Taxation in Switzerland
Income Tax: Taxable income includes all funds accruing to a person from all sources, in principle without deduction of losses or expenses, and including the rental value of a house lived in by its owner. Non-working foreigners resident in Switzerland may choose to pay a "lump-sum tax" instead of the normal income tax. The tax, which is generally much lower than the normal income tax, is nominally levied on the taxpayer's living expenses, but in practice (which varies from canton to canton), it is common to use the quintuple of the rent paid by the taxpayer as a basis for the lump-sum taxation.[18] This option contributes to Switzerland's status as a tax haven, and has induced many wealthy foreigners to live in Switzerland.

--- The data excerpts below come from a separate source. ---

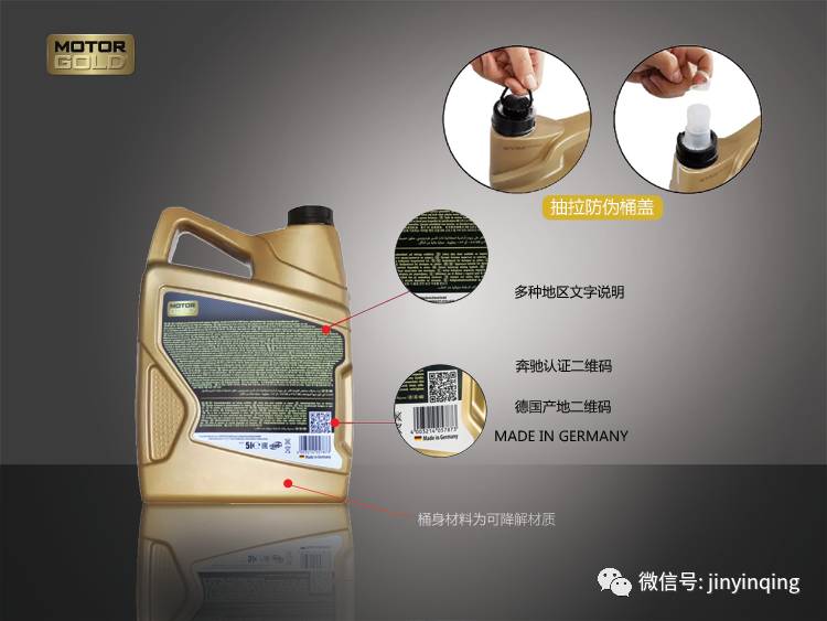 德国原装进口机油金引擎全系列采用更环保,可降解的PE-HD高密度聚乙烯桶,外观表现为桶体更软,韧性更好;桶身同时桶侧明确说明废旧机油处理方法,体现了德国人对环保的严禁态度,桶身,由AVISTA OIL集团申请专利注册。
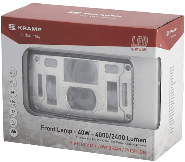 Phare LED, 40/22W, rectangulaire, 10-30V, 185x102x82, feu de route/croisement, feu de position, connecteur H4, Kramp
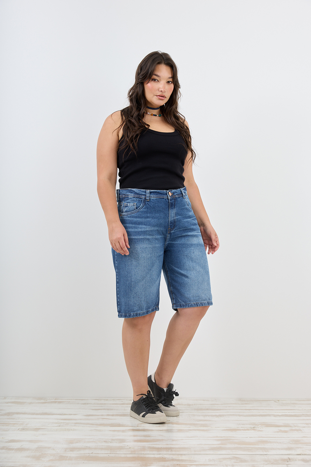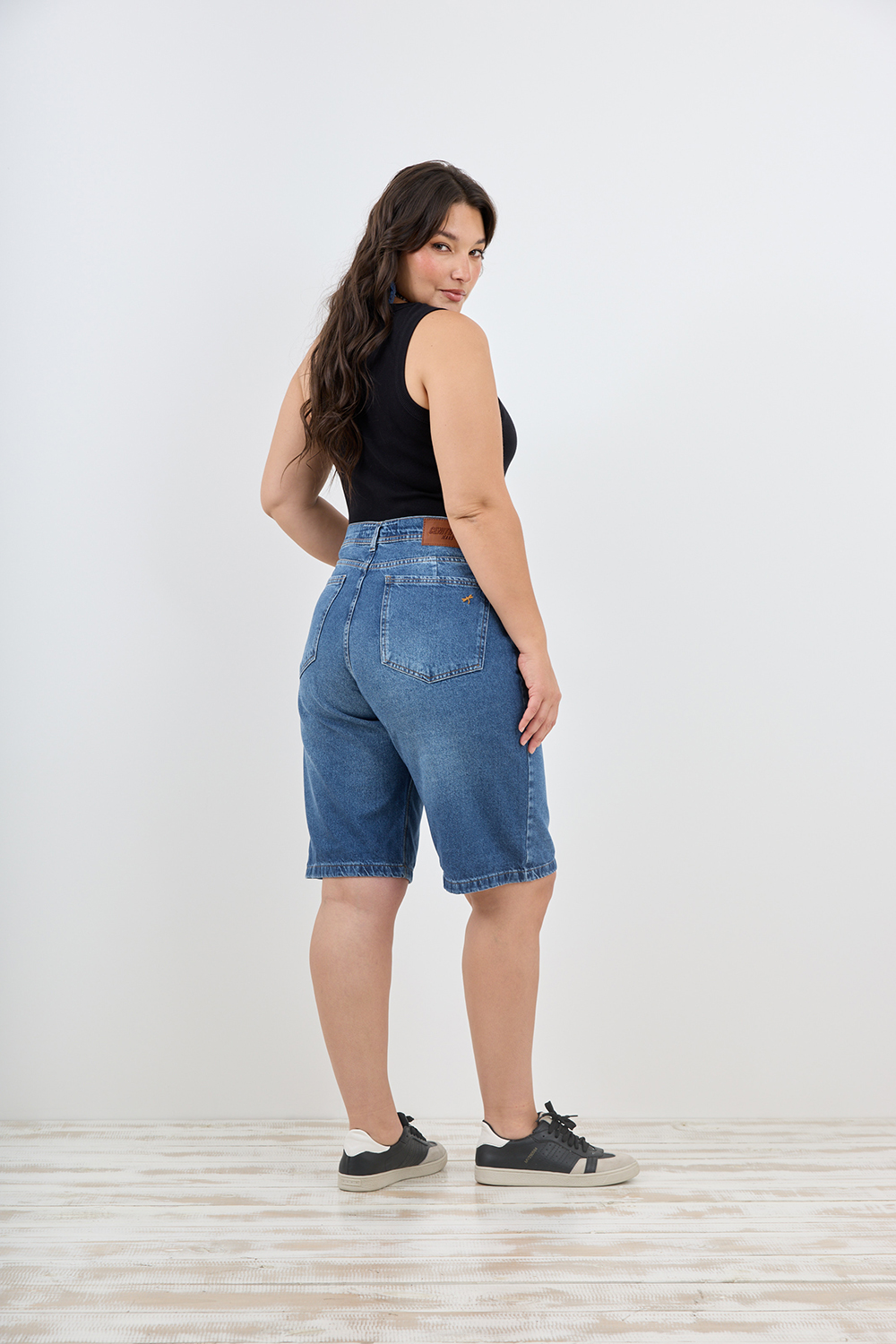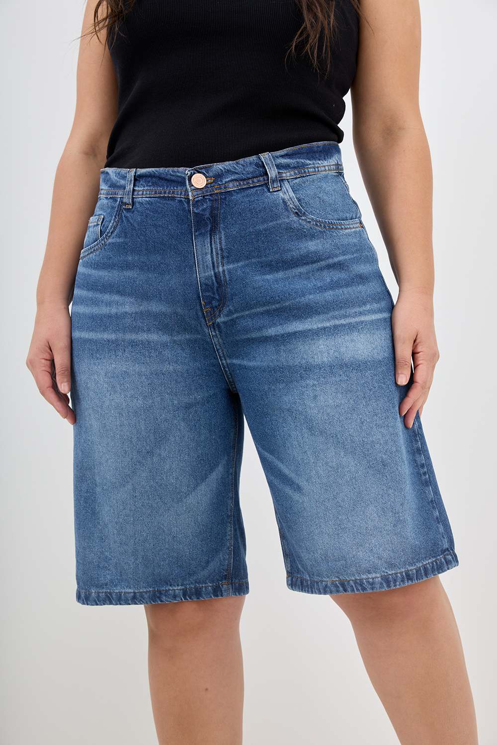M-582 | BERMUDA BAGGY AZUL RÍGIDO CLÁSICO BIGOTES TIRO ALTO TALLE 46 AL 54 CENITHO JEANS

In 2011, the federal income tax varied from a bracket of 1% (for single tax payers) and 0.77% (for married taxpayers) to the maximum rate of 11.5%. Individuals earning below 13,600 and couples earning below 27,000 Swiss francs were exempt. On cantonal level, tax rates varies heavily,Obwalden adapted a 1.8% flat tax on all personal income following a cantonal referendum in 2007. In most cantons, the rate is proportional with a maximum rate of 6.5% in Bern, whereas in Zurich it was 13% and in Geneva 17.58-.76 %
Property Taxes: A proportional property tax of around 0.3 to 0.5 percents levied by the cantons on the net worth of natural persons. The tax is levied on the value of all assets (such as real estate, shares or funds) after the deduction of any debts
Profit Taxes: A proportional or progressive tax is levied by the Confederation (at a flat rate of 8.5%) and the cantons (at varying rates) on corporate profits. The tax is based on the net profit as accounted for in the corporate income statement, as adjusted for tax purposes. For instance, expenditures that have no business reason such as excessive depreciations, accruals or reserves, as well as disguised dividends are taxed as profits.
Capital Taxes: A proportional tax is levied by the cantons (at varying rates) on the ownership equity of companies. Thinly capitalised companies are taxed, moreover, on the liabilities that function as equity. This also means that debts paid on such liabilities cannot be deducted for purposes of the profit tax, and are subject to the federal withholding tax.